Нет. Определённо нет.
Шум усиливается, накрывает тяжёлой волной. Машинально втягиваю голову в плечи, ожидая удара ледяной стены дождя. Шум ближе, заполняет лёгкие, бежит по венам рук и ног, пульсирует в висках. Его перекрывает разносящийся далеко по полям и лесу гудок. Поезд!
Только теперь замечаю сгущающийся сумрак. Вечереет. Мягко оттолкнувшись от ствола, бегу к просвету между деревьями. Успеть. Успеть! Следующий поезд придёт в Город после наступления темноты, и мне не сойти с него незамеченной. Ночью выставляют несколько постов на подходе и станциях. А сидеть до утра в лесу – безумие, даже самые отважные из охранников не выходят в темноту по одиночке.
Ноги скользят, разъезжаются на глине и мокрой от дождя траве. Дыхание сбивается, в горле и груди горит. Деревья расступаются, полубегу, полукачусь с холма к железной дороге. И успеваю заскочить в один из последних вагонов – открытую товарную тележку. Повиснув на борту, с трудом подтягиваюсь, перекидываю одну ногу, другую. Падаю на пол и хрипло смеюсь. Отдышавшись, переползаю в угол, стягиваю кофту и пытаюсь привести её в более-менее приличный вид. Но она безнадёжно испорчена: грязь отмоется, но смола въелась намертво. Накрываюсь, как одеялом, и прищуриваю глаза. Капли на ресницах искажают обзор. Поезд бежит вперёд, оставляя за собой тонкие дрожащие рельсы.

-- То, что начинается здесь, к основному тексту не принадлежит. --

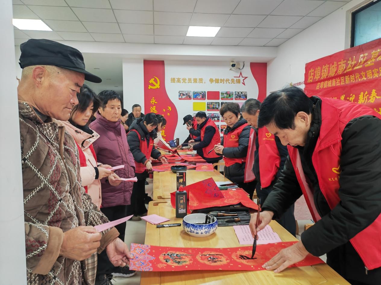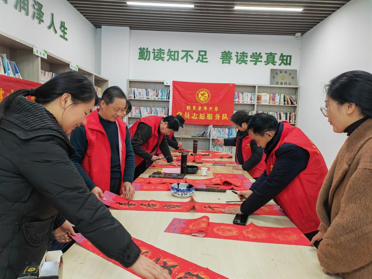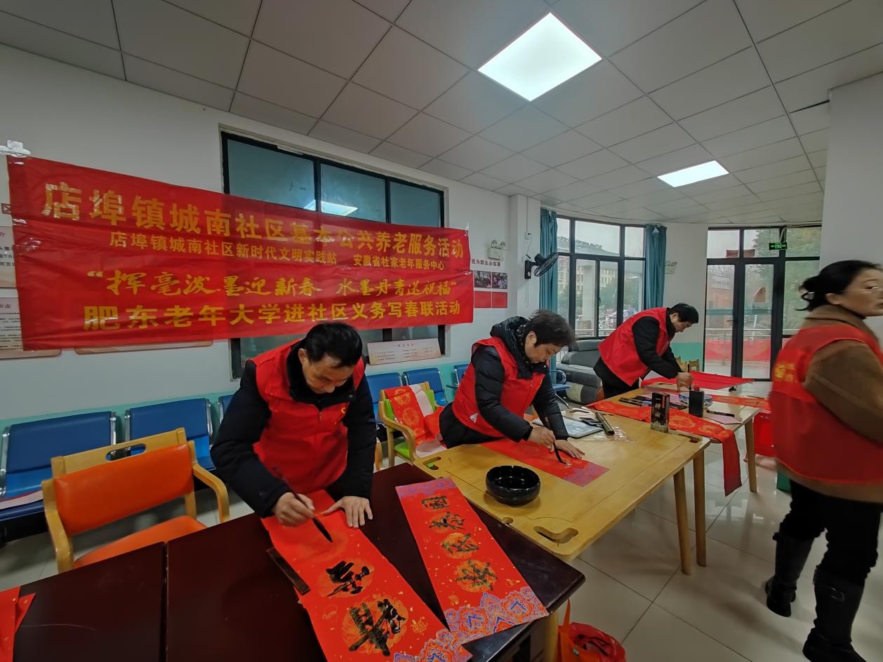 寒冬送祝福,春意暖人心。1月28日,肥东老年大学组织志愿者到店埠镇迎河家园和城南社区开展义务写春联活动,将新春的祝福提前送到居民家门口和心坎上。活动现场,翰墨飘香。志愿者们挥毫泼墨,笔走龙蛇,书写的春联或遒劲有力、或飘逸隽秀、或龙飞凤舞、或潇洒灵动。当天,志愿者们共为居民书写春联100余副、福字80多个。

На жёлтой плитке остаются неясные разводы, на серой – чёткий след ботинка. Поднимаю ногу, чтобы снять налипшие листья, и замираю. Кофта. Разморенная теплом, я забыла её выкинуть и пронесла в руке целую улицу. Порванную, грязную, ведущую за собой на дороге длинную цепочку капель. Перебегаю дорогу, торопливо засовываю опасную улику в мусорный контейнер. Оттуда она попадёт прямиком в перерабатывающий цех. Вытираю влажными ладонями джинсы, футболку. Смахиваю прилипшую за ухом хвоинку. Кажется, порядок.
Темнеет, в окнах зажигаются отсветы фонарей. На стенах домов длинные размытые тени. Дождь прошёл мимо, небо над крышами от ярко-оранжевого до насыщенного синего, на нём редкие звёзды. Пограничная зона – одно из самых тихих, спокойных мест Города, люди редко засиживаются на улице допоздна. Ночью слышно только постукивание колёс поездов и неразборчивые голоса охранников, патрулирующих улицы.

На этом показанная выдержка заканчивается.